Footplate memories firing on the ‘Nibble Line’ in Northants. . . . . . .
Their stories cover life on the footplate that was both hard work and dangerous, shared to varying degrees between driver and fireman. Sometimes the relationship was harmonious with the driver getting the best out of the locomotive to help his mate, sometimes less so, usually on the basis of the driver’s view that he had done his time as a fireman the hard way and so should his mate. There are stories of recalcitrant locomotives and temporary fixes, good and bad parts of the various routes, fry ups on the shovel, washing from the slacker pipe. But there’s also a streak of the romantic about it all – not just the nostalgia for the past but a general sense of the emotions the footplate could offer. Here’s Clive talking prosaically and at length about ‘the Nibble’:
‘The Nibble was called the Nibble for some reason. Stratford on Avon and Midland Joint, (SMJ), or Midland Junction. The area was sparsely populated and you would be out going across the area in the early hours of the morning. There would be no lights anywhere at all. It would be absolutely pitch black. The only light you would see would be a signal box in the distance, and that would come up towards you like a lighthouse at sea and then go away behind you and that was it - you were in pitch darkness, absolute pitch darkness.’
‘I only went over there once in daylight. I was always on in the early hours of darkness ……. I do remember going on it once in daylight, but (on) another line I think. …… Being out in country were the Didcot jobs, from Banbury southwards through Oxford, and the countryside was magnificent in the early hours of the morning.’
The excitement of it was tempered by hard work. Most of the former firemen I identified were partly crippled by back, hip and knee problems in later life. A fireman might well have to shovel several tonnes of coal into the firebox in a shift, with a firebox the size of a small bedroom in late model express locomotives. This would involve turning through 180 degrees and aiming the shovelful through the opening of the firebox door, whilst the locomotive and tender footplates were moving independently. Woe betide you if your shovel hit the edge of the firebox door! Mechanical firemen? Good idea but, well, too late for many.

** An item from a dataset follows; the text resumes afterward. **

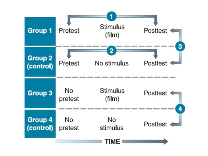 The classical experiment • Experimental and control groups formed • Experimental group: 1. Pretest 2. Stimulus 3. Posttest • Control group: 1. Pretest 2. No stimulus 3. Posttest

‘I can still remember the sound of the shovel scrapping on the steel floor and the coal moving down the tender. If I hear something like that I always pause a moment,’ admitted Les. ‘Then I remember how tired I got, even as a young man. The coal was either in big lumps that needed breaking up or not much more than slack.’
Most of us can have only a limited idea of what it was like on the footplate of an express locomotive travelling at speed, or even a slow moving freight passing through night time countryside. We have films to watch, we can lean over the cab side and look at the array of pipes and levers in locomotive cabs at the NRM, but it’s hard to imagine it all. If I look carefully, though, alongside that little boy staring wide eyed alongside me, we can just see the chain for the whistle. Now, there’s the real thrill! A long blast as the station approaches and we hurtle through, wind in our faces the flicker of passing lights and then – darkness, one’s mate and the fire for company.